Bert Wilkinson, Gleaner Writer
Georgetown, Guyana:
For as long as she can remember, Sheila Singh and her relatives have voted for the East Indian-dominated People's Progressive Party (PPP).
"My family loved Cheddi Jagan. He was a good man, but I am not sure about dem people running the country now. I want change, but going to make up me mind on Monday."
A pool of 492,000 eligible voters from a national population of a mere 730,000 go to the polls in the regional and general elections to elect a new five-year government tomorrow.
For Ms. Singh, a pensioner, gangland violence, the influence of the drugs trade and money laundering, the lack of jobs for her grandchildren and lingering tensions between Indians and the Afro population have become too burdensome for her to describe life as sweet in Caricom's largest member state.
Residents stock up on food
"Me go see how things go on Monday," she said as Guyanese swarmed open-air and supermarkets on the weekend to stock up on food and basic supplies in case there is an outbreak of violence that has been the case with several elections since the 1960s.

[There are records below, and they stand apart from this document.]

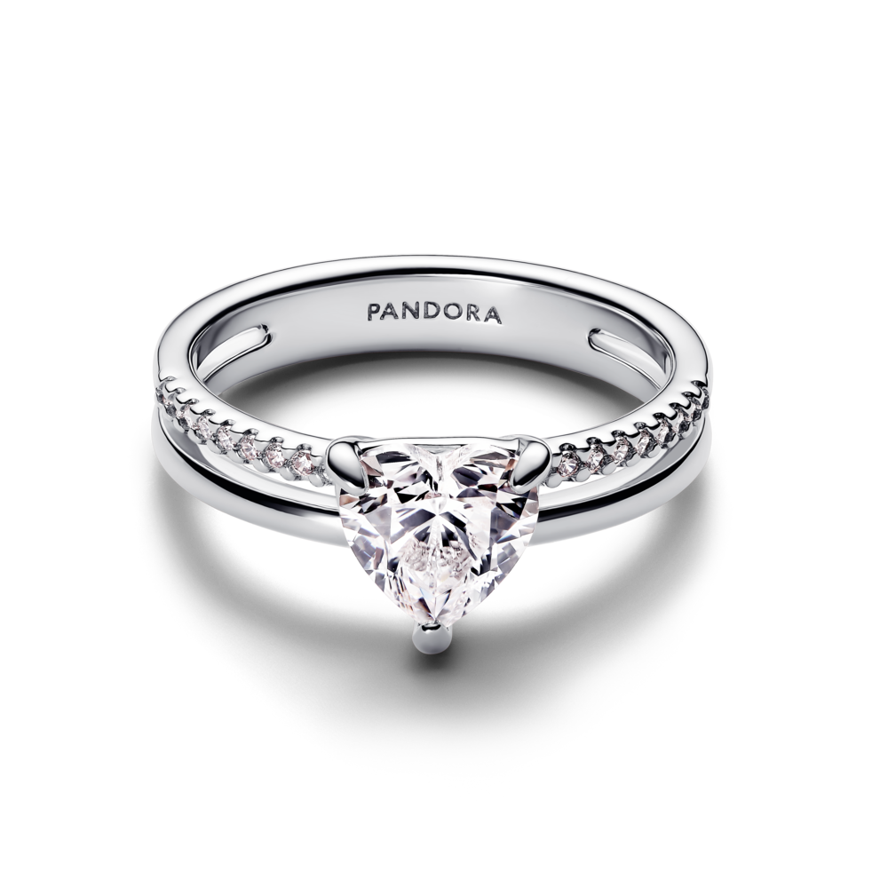 טבעת כסף לב ורוד מנצנץ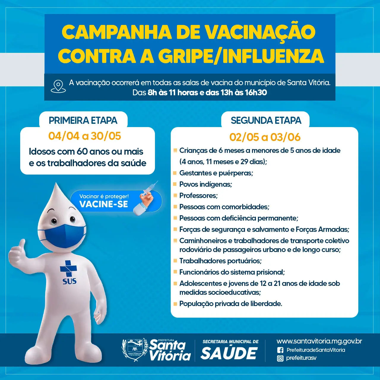 A Prefeitura de Santa Vitória, através da Secretaria Municipal de Saúde realizará a 24ª edição da Campanha de Vacinação contra a Gripe/Influenza, que ocorrerá entre os dias 4 de abril a 3 de junho.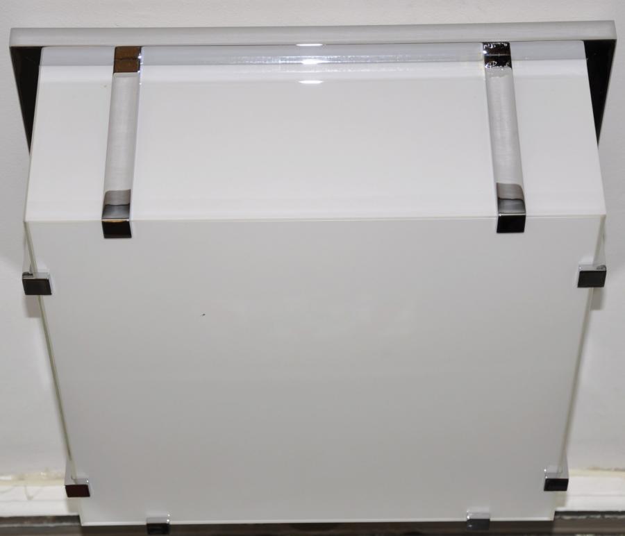 Rare opaline glass tile ceiling light, chromed bronze frame with 4 lights. Model 165 Ter of the House Perzel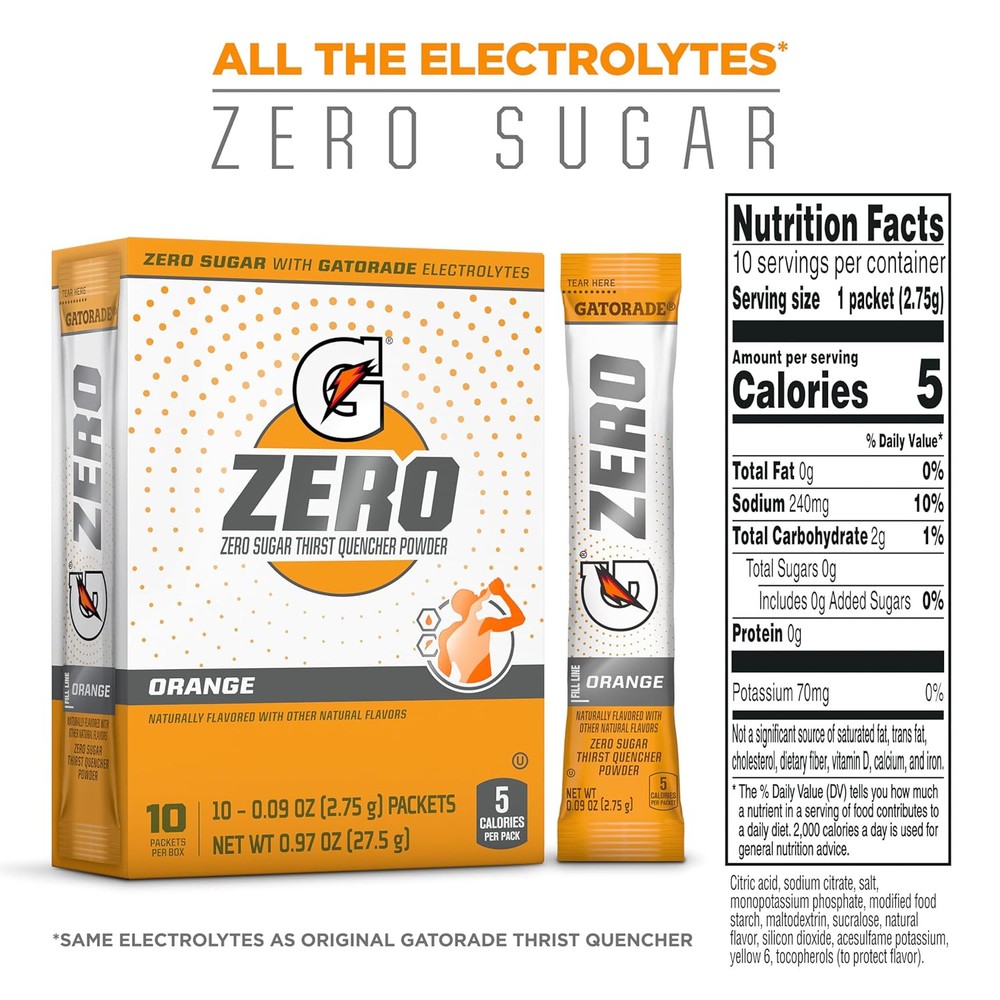 Gatorade G Zero Powder, Orange, 0.10oz Packets,(120 0.97 Ounce (Pack of 12) Product Details Package Dimensions : 12.6 x 10.35 x 3.11 inches; 0.2 ounces Brand: Gatorade Item Weight: 0.01 Pounds Caffeine Content: caffeine free Item Form: Powder Package Information: Box, Sachet Don’t count the days. Make the days count. Grab your home workout equipment then replenish during your at-home workout with the electrolytes from G Zero Gatorade Zero has no sugar while maintaining the same proven hydration and fueling benefits of Gatorade Thirst Quencher When you sweat, you lose more than water. Losses in fluids and electrolytes can negatively impact performance. Gatorade Zero contains critical electrolytes to help replace what’s lost in sweat During training, your energy needs are unique. Gatorade Zero lets you replace what you’ve lost without adding more of what you may not need 5-10 Calories Per Serving: Refueling goes beyond simply refilling. With minimal calories, Gatorade Zero complements your nutritional efforts so you don’t need a workout after your workout Gatorade Zero has no sugar while maintaining the same proven hydration and fueling benefits of Gatorade Thirst Quencher. With refreshing flavors to keep you in the game, you won’t even miss what’s missing.

Ten parties will fight for 65 seats in Parliament, but only three of them are seen to be in with a chance of winning: the PPP of incumbent economist President Bharrat Jagdeo, 43; the main opposition Afro-supported People's National Congress (PNC) of attorney Robert Corbin, 56; and, the upstart nine-month-old multiracial Alliance For Change (AFC) of 39-year-old attorney Raphael Trotman.
The AFC is widely known to have the backing of Washington and rich businessmen in the diaspora.
Others like the Justice For All Party (JFAP) of television station owner Chandra Narine Sharma, the GAP-Roar combination of businessman Paul Hardy and intellectual Ravi Dev and The United Force (TUF) of affable Tourism Minister Manzoor Nadir are expected to pick up seats. The others are seen as mere political passengers.
Barring the JFAP and the AFC, all the others had seats in the previous parliament dissolved in early May.
Polls show that the PPP is ahead in the race even though the PNC and the AFP have been making spectacular gains among undecided voters and those who say they have had enough of runaway corruption and their discomfort with the closeness of the PPP leadership to the drugs trade.
Polls close at 6:00 p.m. tomorrow . Armoured police cars are already out in force and Jagdeo says the military will be on the streets. He is pleased that speakers have stayed away from race, religious and other contentious issues saying this offers hope for a new political dispensation.